Communication Clue: Head-Banging
Seeing your 10-month-old using his head like a drumstick to methodically bang it on the hardwood floor or against the bars of his crib is alarming. But a lot of little ones do this routinely without appearing to cause themselves any pain. But, ouch, why? "Babies find the rhythmic back-and-forth motion soothing," says Catherine Nelson, M.D., a pediatrician at Santa Clara Valley Medical Center in San Jose, California.
Don't completely ignore it. "If your baby bangs his head for long periods of time instead of engaging with others or playing with his toys, then you should bring it to your pediatrician's attention at a checkup," says Dr. Brown. Bear in mind, most kids give up this behavior by age 3.
Communication Clue: Grabbing Ears
Don't immediately assume that tugging equals an ear infection "Many parents jump to that conclusion, but most of the time your baby has just realized that she has ears," says Dr. Nelson. Indeed, research has shown that the children who had ear-pulling as their only symptom were not diagnosed with an ear infection. (The symptoms that you should watch for include fever, stuffy nose, and trouble sleeping at night.)
Cheer her on for locating this body part, but keep your eye on it. "Sometimes babies will pull on their ears when they're teething, particularly when the 1-year molars are coming in," says Dr.

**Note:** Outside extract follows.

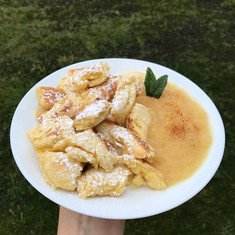 Separate two eggs and beat the whites until stiff. Add to the yolks 25 grams of sugar, 125 grams of flour and 150 millilitres of milk. Mix that and fold in the beaten egg whites. Put some oil in a pan and add the dough. Once the bottom is golden brown, turn the dough and break it into small pieces. Serve the Kaiserschmarren with powdered sugar and fruit puree and enjoy. Mahlzeit!

Brown. If that seems to be the case, bring on the frozen teething ring to help make her more comfortable.
Communication Clue: Clenched Fist
Does your baby seem ready to rumble? "Most newborns hold their hands in this position at rest," says Dr. Brown. Your infant isn't able to do much more yet, because finger and hand movement requires a more developed nervous system and more complex brain function. Babies usually start to open up their hands by 8 weeks and begin reaching and grabbing by 3 to 4 months. But clenched fists may sometimes be a sign of stress or even hunger, says S. Michelle Long, a certified baby nurse in New York City. "I find that when babies are very hungry they tense up all over."
If your child's tendency to clench his fists persists after 3 months, check with his doctor.

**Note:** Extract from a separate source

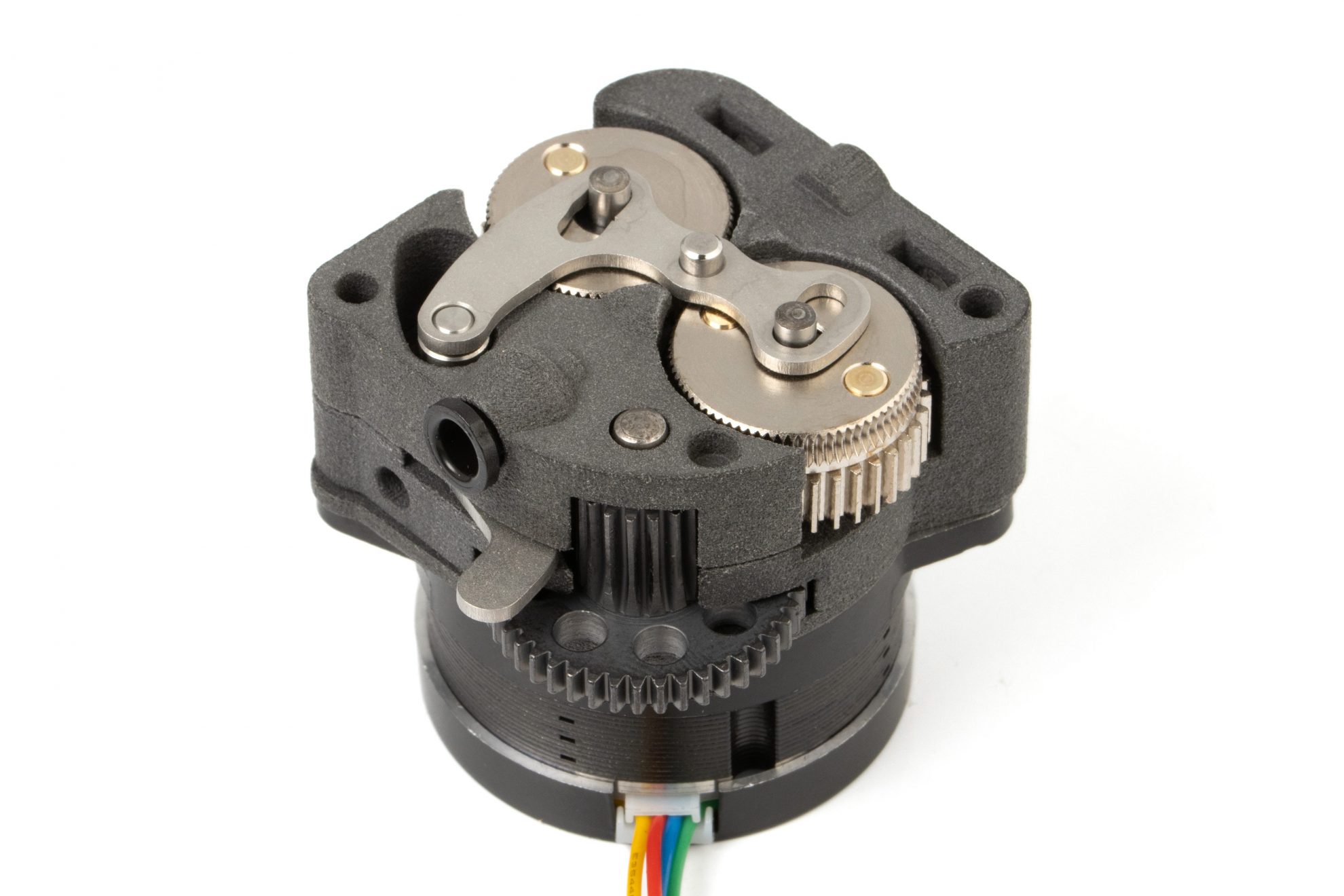 En uppsättning delar av härdat stål för att ersätta driv- och huvudhjulet i plast på en Bondtech Large Gears eXtruder.

Communication Clue: Scrunched-Up Knees
No, your kid is not doing an ab workout. "This position is usually a sign of abdominal discomfort, either from having gas, passing a bowel movement, or being constipated," says Dr. Nelson. Not to give TMI, but your baby is most likely doing exactly what you do behind the closed door of the bathroom.
Try to ease the ouch. If gas seems to be the issue, make sure you burp your baby throughout a feeding. If you're breastfeeding, check your own diet for common gas culprits such as broccoli or beans. If you think constipation is a problem (which can occur when babies transition from breast milk to formula or when they start solids around 6 months), check with your pediatrician. She might suggest giving your baby 2 to 4 ounces of water per day or having her drink a bit of prune juice diluted with water.
Communication Clue: Arm Jerks
Here's the scene: My drowsy-yet-still-awake little one is perfectly primed for naptime. As I lower her gently into the crib, her arms flail out to the sides, startling her so she's wide-eyed -- and wide awake. Grrrr. "This is a typical reflex for newborns," says Dr. McCarthy. In fact, it even has a scientific name: the Moro reflex, which causes an infant to suddenly throw his arms out to the sides and then quickly bring them back toward the middle of the body whenever he has been startled by a noise, bright light, or sudden movement.
This reflex, which usually disappears after 3 or 4 months, is often a response to a sudden loss of support, often when an infant feels like he's falling, says Dr. Nelson. It's normal, but you can avoid the startle-to-wake reflex by swaddling him for naps and bedtime.